● **Supplied material**:
◇ ◇ ◇ ◇ ◇
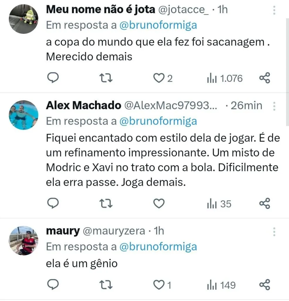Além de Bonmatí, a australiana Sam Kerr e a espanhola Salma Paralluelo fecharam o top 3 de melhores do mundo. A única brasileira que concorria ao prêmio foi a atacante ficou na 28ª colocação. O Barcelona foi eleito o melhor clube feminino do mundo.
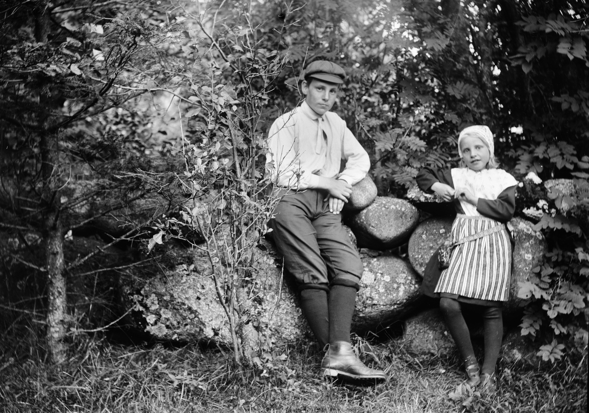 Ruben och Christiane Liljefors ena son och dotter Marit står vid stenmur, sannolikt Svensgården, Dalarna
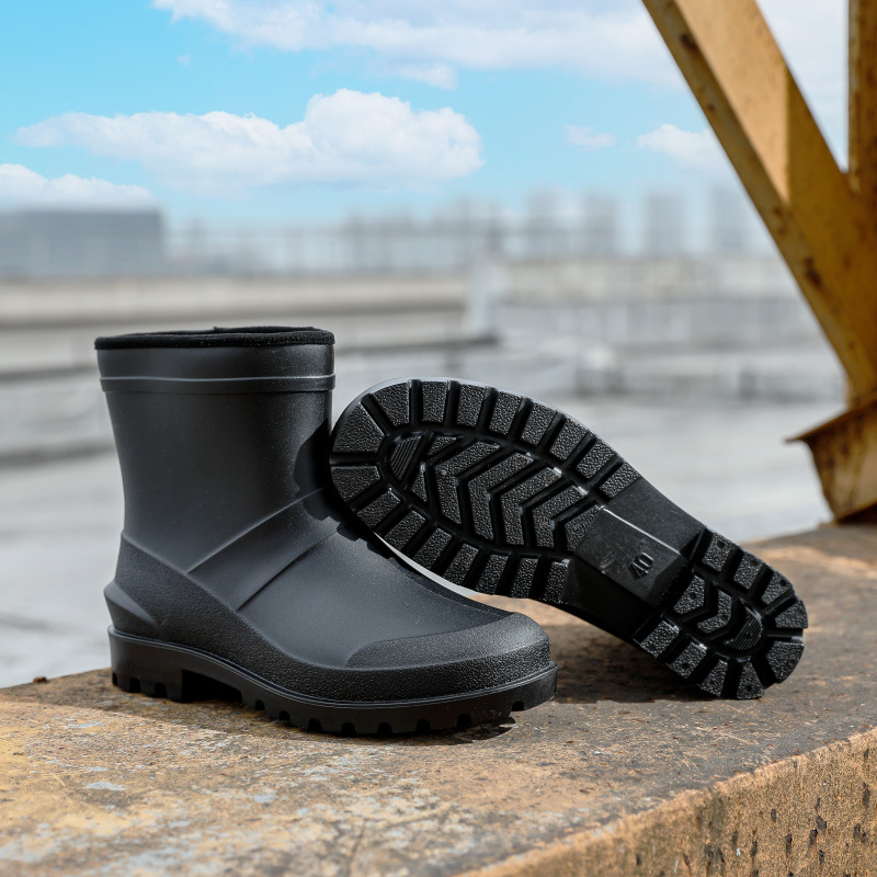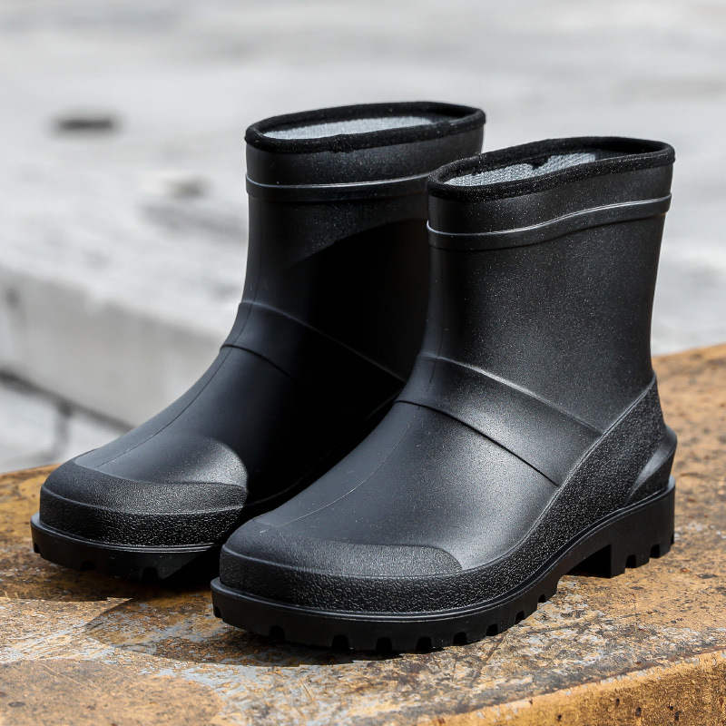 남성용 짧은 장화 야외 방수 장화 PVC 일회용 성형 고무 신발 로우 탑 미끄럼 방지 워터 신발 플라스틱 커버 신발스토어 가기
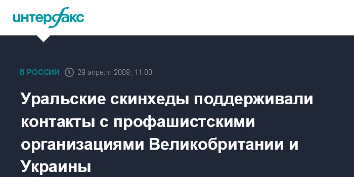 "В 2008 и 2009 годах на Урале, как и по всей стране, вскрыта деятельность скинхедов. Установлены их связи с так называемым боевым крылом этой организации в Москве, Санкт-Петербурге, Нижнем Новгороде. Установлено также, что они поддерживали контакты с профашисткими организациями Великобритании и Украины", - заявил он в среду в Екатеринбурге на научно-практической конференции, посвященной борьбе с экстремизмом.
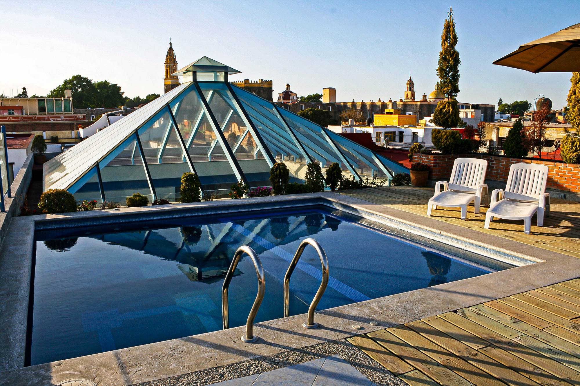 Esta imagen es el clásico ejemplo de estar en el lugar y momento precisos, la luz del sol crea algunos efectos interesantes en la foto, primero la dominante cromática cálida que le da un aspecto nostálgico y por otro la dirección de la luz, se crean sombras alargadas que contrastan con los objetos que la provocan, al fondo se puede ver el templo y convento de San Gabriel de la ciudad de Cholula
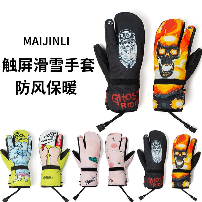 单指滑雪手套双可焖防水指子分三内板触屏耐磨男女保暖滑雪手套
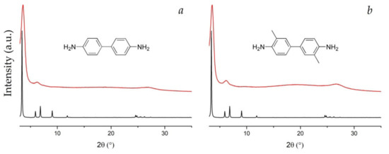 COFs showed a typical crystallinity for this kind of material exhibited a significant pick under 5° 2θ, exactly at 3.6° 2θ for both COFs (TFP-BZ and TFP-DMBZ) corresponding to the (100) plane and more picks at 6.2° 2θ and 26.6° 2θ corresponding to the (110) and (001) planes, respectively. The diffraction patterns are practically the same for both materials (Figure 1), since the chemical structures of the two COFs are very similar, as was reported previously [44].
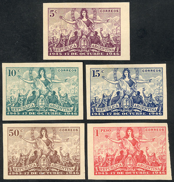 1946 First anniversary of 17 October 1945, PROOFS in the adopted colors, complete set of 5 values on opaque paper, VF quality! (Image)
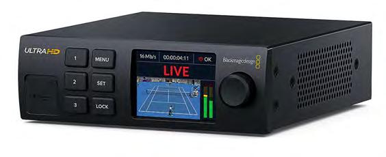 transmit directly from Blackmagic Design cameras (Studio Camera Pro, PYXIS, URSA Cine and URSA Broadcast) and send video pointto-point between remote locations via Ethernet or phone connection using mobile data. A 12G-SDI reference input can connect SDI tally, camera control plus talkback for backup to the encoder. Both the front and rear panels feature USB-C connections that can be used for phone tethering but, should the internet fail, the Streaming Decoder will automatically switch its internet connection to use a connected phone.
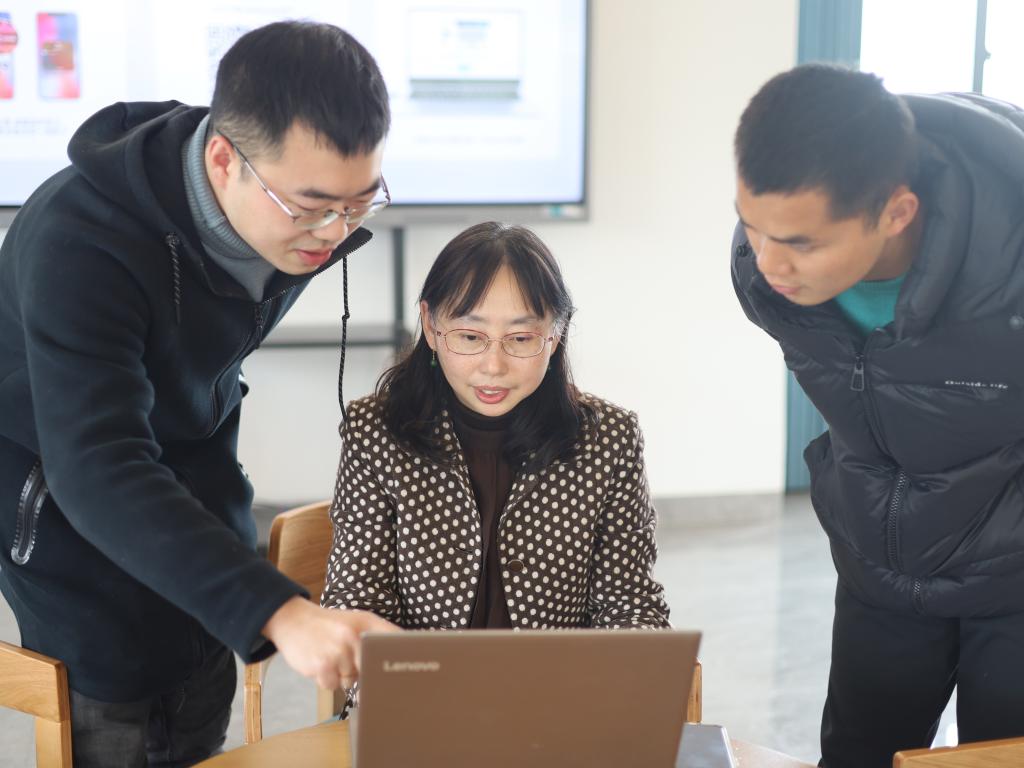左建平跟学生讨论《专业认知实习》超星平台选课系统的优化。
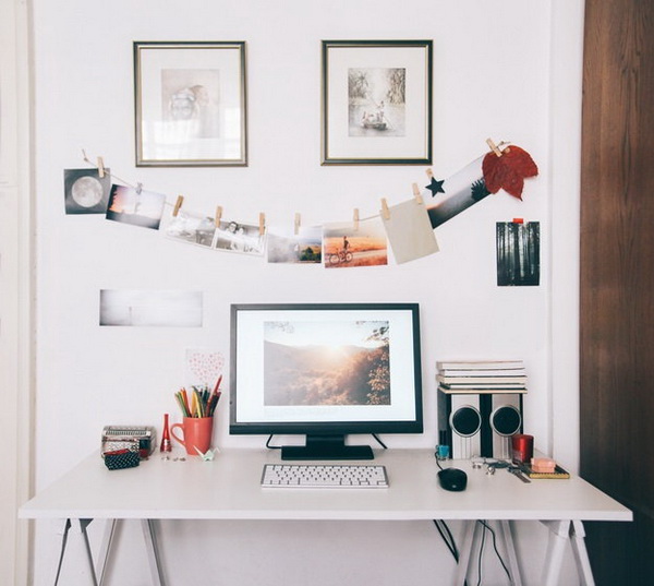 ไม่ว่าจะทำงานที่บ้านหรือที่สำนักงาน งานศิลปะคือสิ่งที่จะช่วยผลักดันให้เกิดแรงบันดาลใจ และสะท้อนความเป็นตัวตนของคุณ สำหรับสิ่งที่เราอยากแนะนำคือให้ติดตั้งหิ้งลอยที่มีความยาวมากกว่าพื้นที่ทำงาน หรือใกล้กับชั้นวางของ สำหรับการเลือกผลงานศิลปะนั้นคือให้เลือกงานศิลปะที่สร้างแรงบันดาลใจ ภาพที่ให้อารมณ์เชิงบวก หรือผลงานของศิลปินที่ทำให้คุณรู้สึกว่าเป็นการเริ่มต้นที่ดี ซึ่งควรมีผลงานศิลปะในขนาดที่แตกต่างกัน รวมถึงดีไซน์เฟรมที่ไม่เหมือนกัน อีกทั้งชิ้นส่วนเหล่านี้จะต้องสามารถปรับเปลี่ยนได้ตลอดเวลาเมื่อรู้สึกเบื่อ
◇ ◇ ◇ ◇ ◇
● **Problem to solve**:
Every record must be copied exactly, with images dropped from the result.

● **Solved exercise**:
Além de Bonmatí, a australiana Sam Kerr e a espanhola Salma Paralluelo fecharam o top 3 de melhores do mundo. A única brasileira que concorria ao prêmio foi a atacante ficou na 28ª colocação. O Barcelona foi eleito o melhor clube feminino do mundo.
 Ruben och Christiane Liljefors ena son och dotter Marit står vid stenmur, sannolikt Svensgården, Dalarna
 남성용 짧은 장화 야외 방수 장화 PVC 일회용 성형 고무 신발 로우 탑 미끄럼 방지 워터 신발 플라스틱 커버 신발스토어 가기
 "В 2008 и 2009 годах на Урале, как и по всей стране, вскрыта деятельность скинхедов. Установлены их связи с так называемым боевым крылом этой организации в Москве, Санкт-Петербурге, Нижнем Новгороде. Установлено также, что они поддерживали контакты с профашисткими организациями Великобритании и Украины", - заявил он в среду в Екатеринбурге на научно-практической конференции, посвященной борьбе с экстремизмом.
 Esta imagen es el clásico ejemplo de estar en el lugar y momento precisos, la luz del sol crea algunos efectos interesantes en la foto, primero la dominante cromática cálida que le da un aspecto nostálgico y por otro la dirección de la luz, se crean sombras alargadas que contrastan con los objetos que la provocan, al fondo se puede ver el templo y convento de San Gabriel de la ciudad de Cholula
 单指滑雪手套双可焖防水指子分三内板触屏耐磨男女保暖滑雪手套
 COFs showed a typical crystallinity for this kind of material exhibited a significant pick under 5° 2θ, exactly at 3.6° 2θ for both COFs (TFP-BZ and TFP-DMBZ) corresponding to the (100) plane and more picks at 6.2° 2θ and 26.6° 2θ corresponding to the (110) and (001) planes, respectively. The diffraction patterns are practically the same for both materials (Figure 1), since the chemical structures of the two COFs are very similar, as was reported previously [44].
 1946 First anniversary of 17 October 1945, PROOFS in the adopted colors, complete set of 5 values on opaque paper, VF quality! (Image)
 transmit directly from Blackmagic Design cameras (Studio Camera Pro, PYXIS, URSA Cine and URSA Broadcast) and send video pointto-point between remote locations via Ethernet or phone connection using mobile data. A 12G-SDI reference input can connect SDI tally, camera control plus talkback for backup to the encoder. Both the front and rear panels feature USB-C connections that can be used for phone tethering but, should the internet fail, the Streaming Decoder will automatically switch its internet connection to use a connected phone.
左建平跟学生讨论《专业认知实习》超星平台选课系统的优化。
 ไม่ว่าจะทำงานที่บ้านหรือที่สำนักงาน งานศิลปะคือสิ่งที่จะช่วยผลักดันให้เกิดแรงบันดาลใจ และสะท้อนความเป็นตัวตนของคุณ สำหรับสิ่งที่เราอยากแนะนำคือให้ติดตั้งหิ้งลอยที่มีความยาวมากกว่าพื้นที่ทำงาน หรือใกล้กับชั้นวางของ สำหรับการเลือกผลงานศิลปะนั้นคือให้เลือกงานศิลปะที่สร้างแรงบันดาลใจ ภาพที่ให้อารมณ์เชิงบวก หรือผลงานของศิลปินที่ทำให้คุณรู้สึกว่าเป็นการเริ่มต้นที่ดี ซึ่งควรมีผลงานศิลปะในขนาดที่แตกต่างกัน รวมถึงดีไซน์เฟรมที่ไม่เหมือนกัน อีกทั้งชิ้นส่วนเหล่านี้จะต้องสามารถปรับเปลี่ยนได้ตลอดเวลาเมื่อรู้สึกเบื่อ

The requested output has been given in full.